You probably just don't have the hang of it yet. It's very good but it's not a mind reader and if you have something specific you want, it's best to just articulate that exactly as best you can ("I want a test harness for <specific_tool>, which you can find <here>"). You need to explain that you want tests that assert on observable outcomes and state, not internal structure, use real objects not mocks, property based testing for invariants, etc. It's a feedback loop between yourself and the agent that you must develop a bit before you start seeing "magic" results. A typical session for me looks like:
- I ask for something highly general and claude explores a bit and responds.
- We go back and forth a bit on precisely what I'm asking for. Maybe I correct it a few times and maybe it has a few ideas I didn't know about/think of.
- It writes some kind of plan to a markdown file. In a fresh session I tell a new instance to execute the plan.
- After it's done, I skim the broad strokes of the code and point out any code/architectural smells.
- I ask it to review it's own work and then critique that review, etc. We write tests.
Perhaps that sounds like a lot but typically this process takes around 30-45 minutes of intermittent focus and the result will be several thousand lines of pretty good, working code.

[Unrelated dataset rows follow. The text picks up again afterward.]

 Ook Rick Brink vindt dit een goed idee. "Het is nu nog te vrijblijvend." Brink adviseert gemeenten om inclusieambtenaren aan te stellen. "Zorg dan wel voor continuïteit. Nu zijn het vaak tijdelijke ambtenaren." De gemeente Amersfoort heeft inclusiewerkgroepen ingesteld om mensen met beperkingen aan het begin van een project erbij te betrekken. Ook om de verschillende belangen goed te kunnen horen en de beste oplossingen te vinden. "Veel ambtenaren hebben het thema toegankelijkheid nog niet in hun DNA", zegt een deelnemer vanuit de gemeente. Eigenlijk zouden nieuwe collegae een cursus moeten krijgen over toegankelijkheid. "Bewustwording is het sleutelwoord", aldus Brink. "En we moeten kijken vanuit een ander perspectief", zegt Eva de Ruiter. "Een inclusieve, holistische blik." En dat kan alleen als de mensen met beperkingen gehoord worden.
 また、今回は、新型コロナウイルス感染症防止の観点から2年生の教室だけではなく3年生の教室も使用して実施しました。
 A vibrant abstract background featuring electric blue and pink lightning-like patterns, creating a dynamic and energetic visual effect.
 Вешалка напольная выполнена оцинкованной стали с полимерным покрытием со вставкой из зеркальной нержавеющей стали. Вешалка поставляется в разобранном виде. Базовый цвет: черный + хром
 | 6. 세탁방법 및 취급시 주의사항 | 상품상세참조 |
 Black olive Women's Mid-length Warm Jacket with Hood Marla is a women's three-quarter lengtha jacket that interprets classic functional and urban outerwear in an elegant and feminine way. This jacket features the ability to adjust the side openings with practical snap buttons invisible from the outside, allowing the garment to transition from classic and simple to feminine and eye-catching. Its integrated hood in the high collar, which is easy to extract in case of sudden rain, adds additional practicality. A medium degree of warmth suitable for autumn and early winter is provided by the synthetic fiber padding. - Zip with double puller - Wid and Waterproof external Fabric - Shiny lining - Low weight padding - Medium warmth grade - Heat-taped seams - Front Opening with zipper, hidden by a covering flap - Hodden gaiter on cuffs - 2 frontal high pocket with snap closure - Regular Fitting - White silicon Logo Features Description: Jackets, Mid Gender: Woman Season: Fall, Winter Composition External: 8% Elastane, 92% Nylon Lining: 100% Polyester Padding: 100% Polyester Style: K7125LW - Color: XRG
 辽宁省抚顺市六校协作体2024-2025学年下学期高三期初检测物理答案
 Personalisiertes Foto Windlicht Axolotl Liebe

I absolutely have the hang of Claude and I still find that it can make those ridiculous mistakes, like replicating logic into a test rather than testing a function directly, talking to a local pg that was stale/ running, etc. I have a ton of skills and pre-written prompts for testing practices but, over longer contexts, it will forget and do these things, or get confused, etc.
You can minimize these problems with TLC but ultimately it just will keep fucking up.

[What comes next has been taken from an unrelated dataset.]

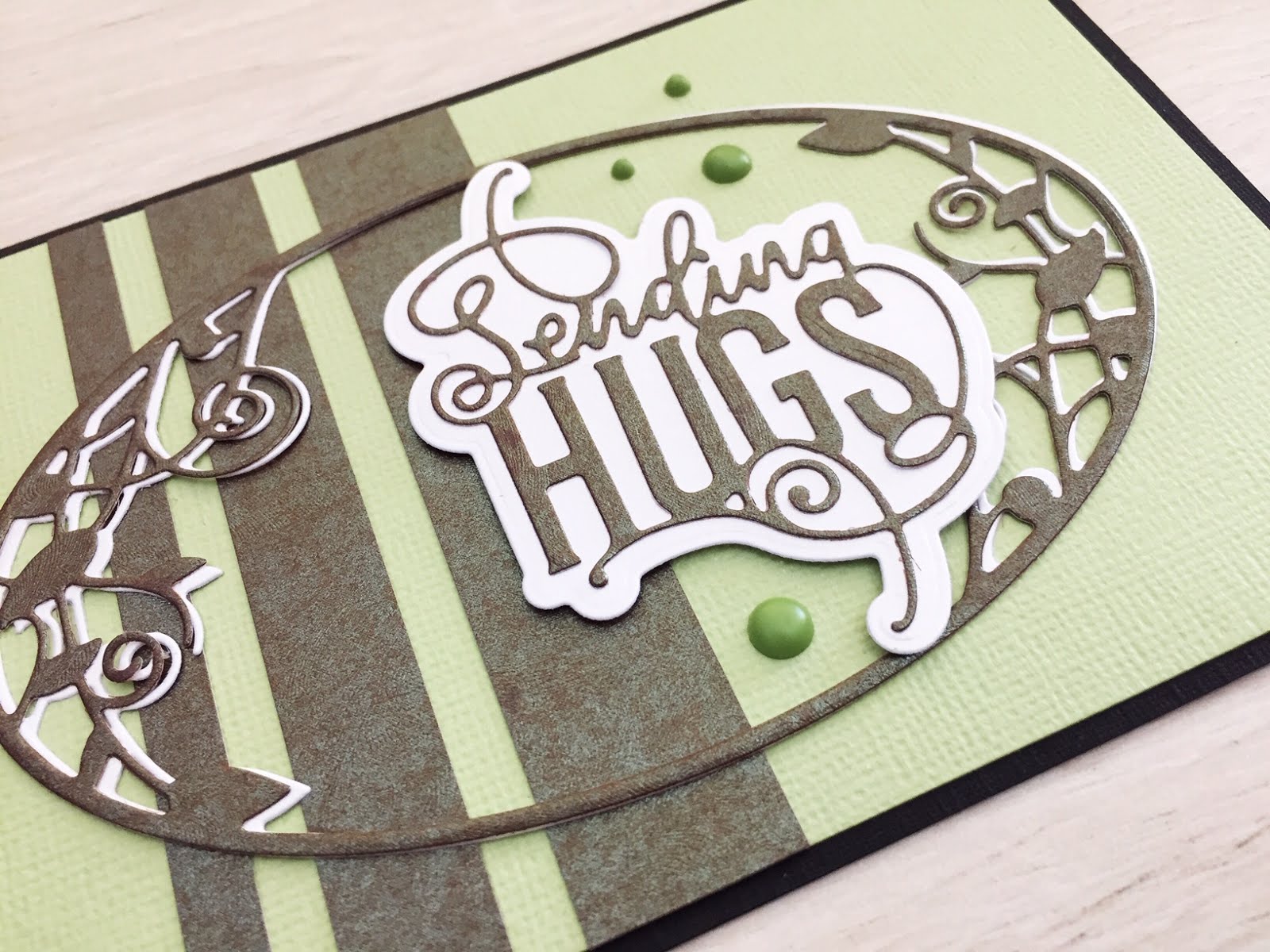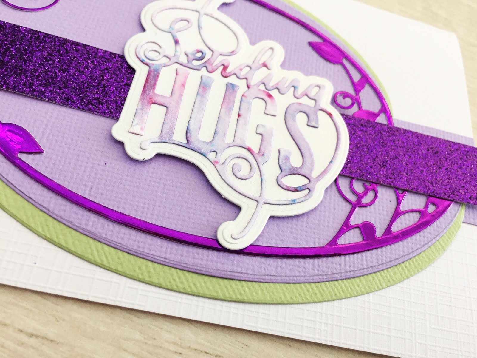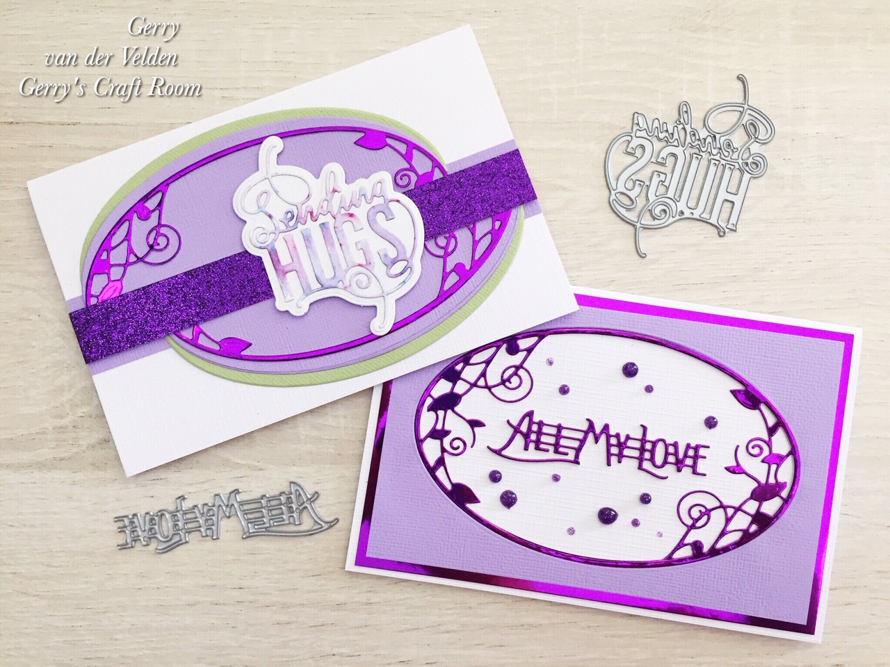 En nog een kaart met wat meer stappen en hier heb ik de ovaal gebruikt die uit de vorige kaart kwam. Voor de tekst heb ik Shimmer Powder gebruikt met de mooie paarse kleur en glans.
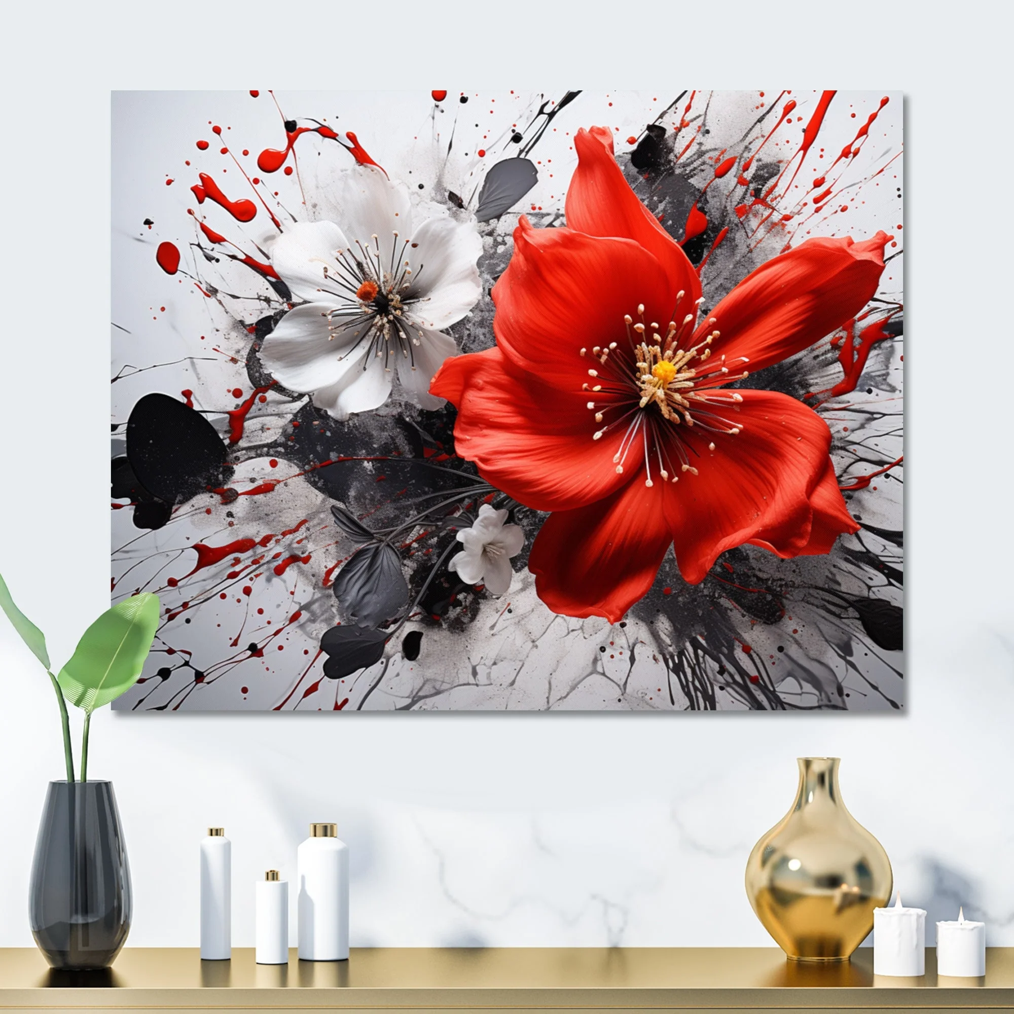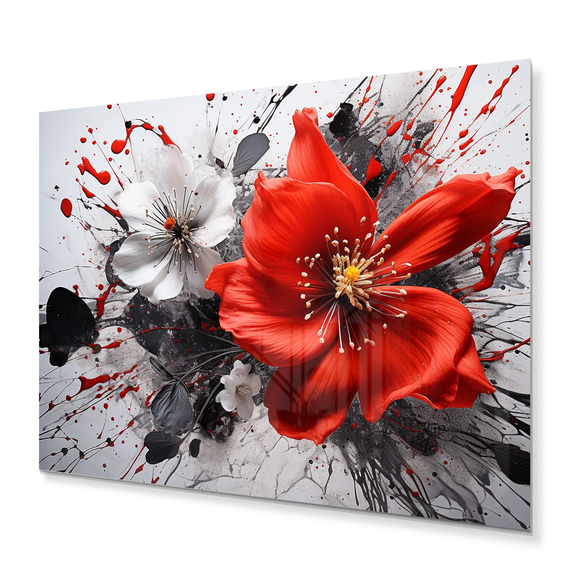 "Red Grey Botanical Symphony I" Abstract Botanicals Metal Wall Art Prints

My favorite is when you need to rebuild/restart outside of claude and it will "fix the bug" and argue with you about whether or not you actually rebuilt and restarted whatever it is you're working on. It would rather call you a liar than realize it didn't do anything.
this is a pretty annoying problem -- i just intentionally solve it by asking claude to always use the right build command after each batch of modifications, etc
"That's an old run, rebuild and the new version will work" lol
With the back and forth refining I find it very useful to tell Claude to 'ask questions when uncertain' and/or to 'suggest a few options on how to solve this and let me choose / discuss'
This has made my planning / research phase so much better.
Yes pretty much my workflow. I also keep all my task.md files around as part of the repo, and they get filled up with work details as the agent closes the gates. At the end of each one I update the project memory file, this ensures I can always resume any task in a few tokens (memory file + task file == full info to work on it).
Pretty good workflow. But you need to change the order of the tests and have it write the tests first. (TDD)
I mean I’ve been using AI close to 4 years now and I’ve been using agents off and on for over a year now. What you’re describing is exactly what I’m doing.
I’m not seeing anyone at work either out of hundreds of devs who is regularly cranking out several thousand lines of pretty good working code in 30-45 minutes.
What’s an example of something you built today like this?